[PAOCQ] Maria Rugenstein (Colorado State)
Date: Monday, March 17, 2025 Time: 12:00 - 2:00pm Location: 55-110 | MIT Campus, Cambridge, MA“Connecting surface warming, global radiation, and radiative forcing with convolutional neural networks”
Recent research has highlighted that radiative feedbacks — and thus climate sensitivity — are not constant in time but depend sensitively on surface temperature patterns (“pattern effect”). First, I will review physical drivers of the effect and explain how it matters for near-term projections of climate change. Then, I will discuss three implications we have recently gained:
(1) I will introduce how a non-linear convolutional neural networks (CNN) can be trained on climate model output to learn the pattern effect and predict global-mean TOA radiation from surface warming patterns. We use explainable artificial intelligence methods to visualize and quantify where the CNN draws its predictive skill. Remarkably and different from traditional approaches, we can predict radiation under strong climate change from training the CNN on internal variability alone. This out-of-sample application works only when feedbacks are allowed to be non-linear or equivalent, changing in time.
(2) We train CNNs on internal variability of climate models alone, to avoid the need to rely on their erroneously simulated surface warming patterns and uncertain implementation of greenhouse gas and aerosol emissions. We then derive a new estimate of the Earth’s radiative forcing over the last decades (which is unobservable), by combining the radiative effect learned in this minimalistic way in combination with the observed energy imbalance. Our forcing estimate is substantially higher than traditional ones and points to a strong aerosol radiative effect.
(3) We employ linear regularized regression methods to quantify the spatial controls of global and regional lower tropospheric inversion strength (EIS).

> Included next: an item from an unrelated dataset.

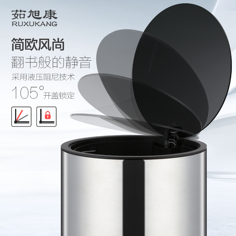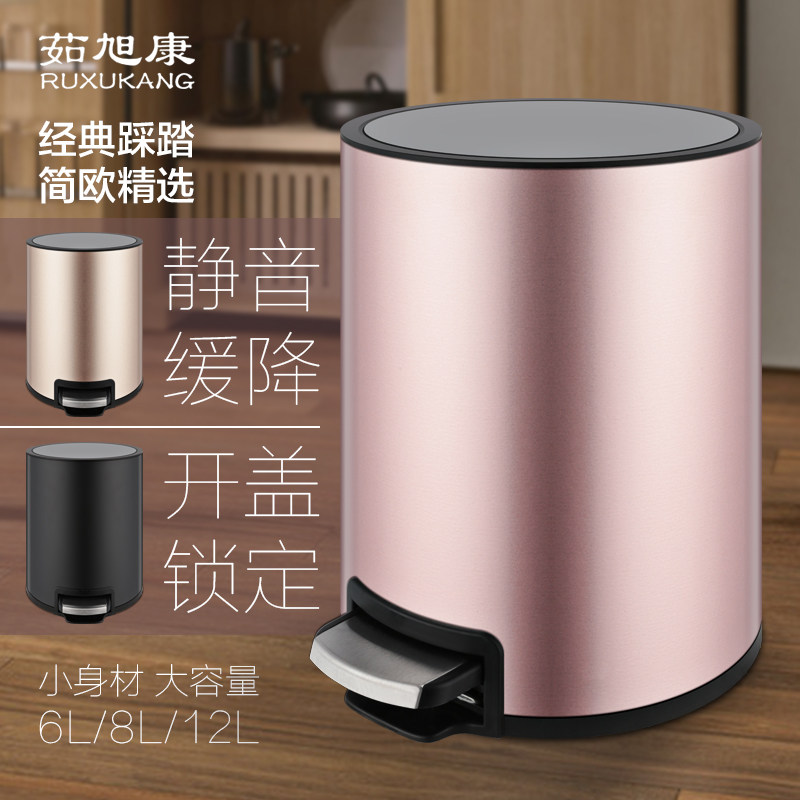 Ruxu trash can household pedal European style creative powder room Kitchen living room bedroom with lid stainless steel trash can

EIS is an important cloud controlling factor of shallow cumulus clouds, which are the most relevant player in the pattern effect. We show that for variations in near-global EIS, the tropical weak temperature gradient approximation is indeed a good explanation. However, spatial controls of EIS in the regions of shallow cumulus clouds are much more varied than suggested by the tropical weak temperature gradient assumption. We quantify to what degree internal variability and decadal-long trends in EIS in the Eastern subtropical Pacific are driven locally versus remotely.
PAOC Colloquium —
Interdisciplinary seminar series that brings together the whole PAOC (Program in Atmospheres, Oceans, and Climate) community. Seminar topics include all research concerning the physics, chemistry, and biology of the atmospheres, oceans and climate, as well as talks about societal impacts of climatic processes.